Monday, April 08, 2024 3:31:55 PM
I agree.
This isn't possible. The base minimum (leverage) capital requirement in the ERCF is 2.5% of adjusted total assets, which is about 105% of balance sheet assets for Fannie and 116% for Freddie, but the lowest possible minimum capital requirement in 12 USC 4612(a) is 2.5% of balance sheet assets.
Outside of conservatorship, i.e. once FHFA is forced to give FnF capital classifications as required by HERA, FnF will have to be classified as "significantly undercapitalized" by 12 USC 4614(a)(3)(A)(ii) if they don't meet the minimum capital requirement.

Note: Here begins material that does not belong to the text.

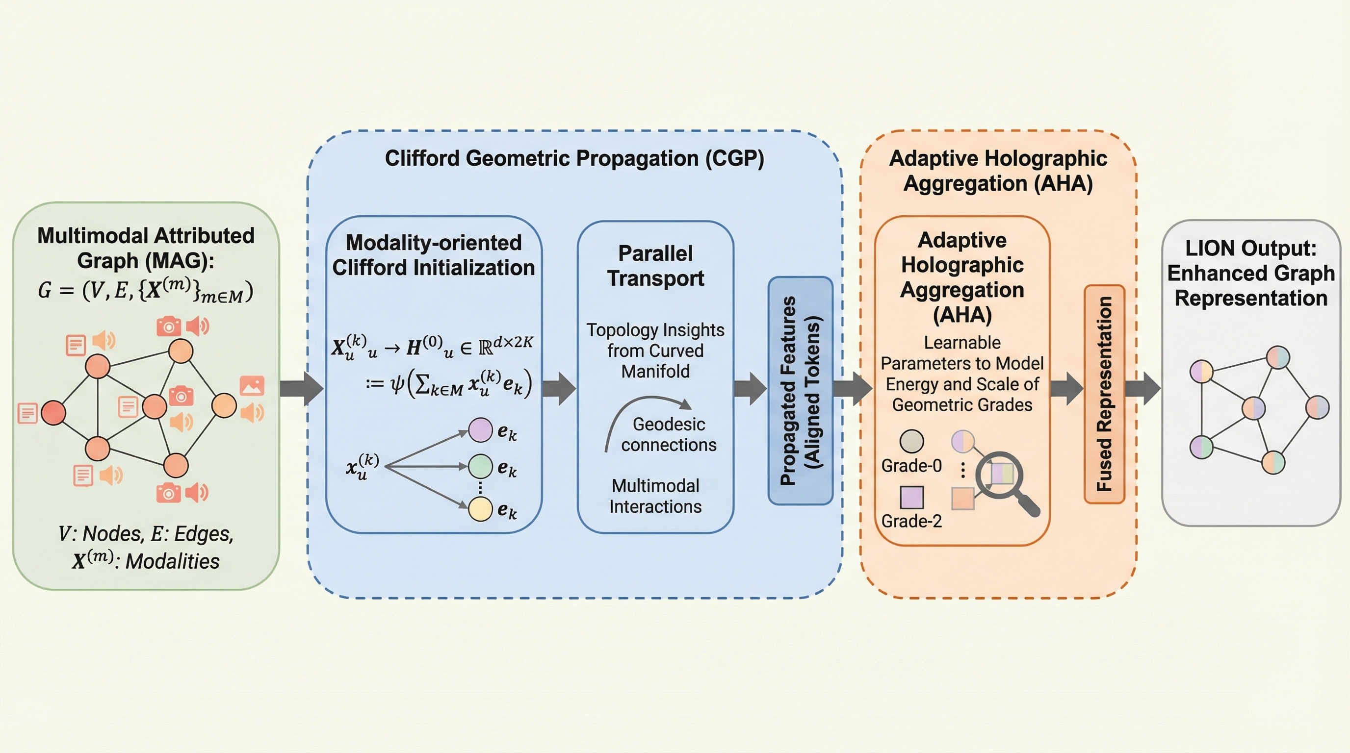 LIONは、マルチモーダル属性グラフ(MAG)におけるモダリティの整列と融合の課題を解決するために、クリフォード代数を導入した新しい神経パラダイムである。従来のグラフ機械学習手法がグラフの文脈を無視した整列や、トポロジーの事前知識を十分に活用できない融合に陥っていたのに対し、本手法は幾何学的な多様体上での伝播と集約を分離して実行することで、高次の相互作用を捉える。9つのデータセットを用いた広範な実験により、グラフ関連タスクで平均5.24%、モダリティ関連タスクで平均7.68%の精度向上を達成し、数学的な安定性と収束性の証明により、理論的な堅牢性と最先端の性能を実証している。

That in turn gives FHFA many authorities over FnF outside of conservatorship that they wouldn't have if FnF had enough core capital, like hand-picking the boards of directors and dictating the amount and form of capital raises.
Note that none of this has anything to do with the DFAST stress test numbers.

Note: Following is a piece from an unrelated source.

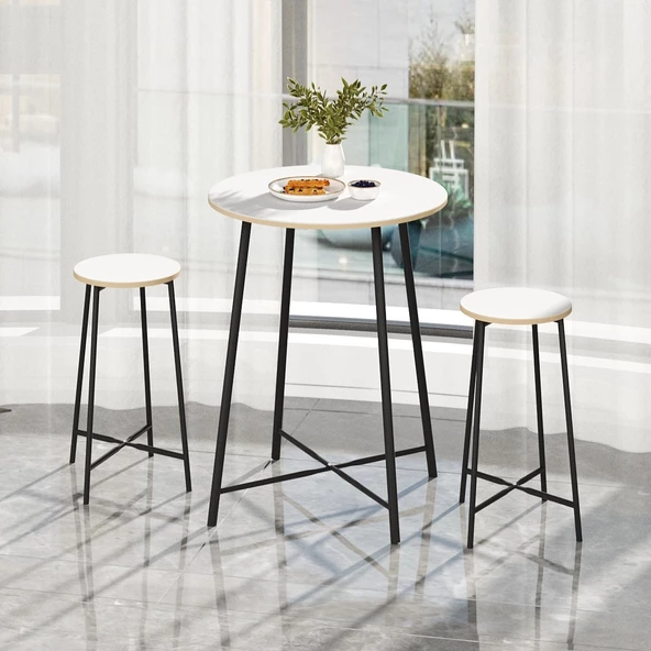 Eportatif Bar Masa Sandalye Seti Mutfak Yemek Masası Takımı Beyaz 1572

While a sensible capital requirement for FnF is far lower than what HERA demands, the law is the law.
Leaving too much LP in place diminishes the economic value of the juniors and commons. Treasury will want their own common shares to have value. I think the LP will be reset to $1B, the original amount in the SPSPAs, after conversion or cancellation of the rest. There's a clause in the original SPSPAs that increases the LP dollar for dollar for every draw FnF take; that's what got the LP from $1B up to $193B. I expect that clause to stay, and it shouldn't spook new investors because the only way FnF will take a draw in the future is if all other shareholders get wiped out first.
Yes. What Treasury does with the seniors and warrants has to be decided before FnF can exit conservatorship. Not least because Treasury will need buyers for their common shares, however Treasury acquires them, and those buyers won't want either the warrants or more than $1B of the LP in front of them.
I don't see the need for this before conservatorship ends, and it will be moot afterwards.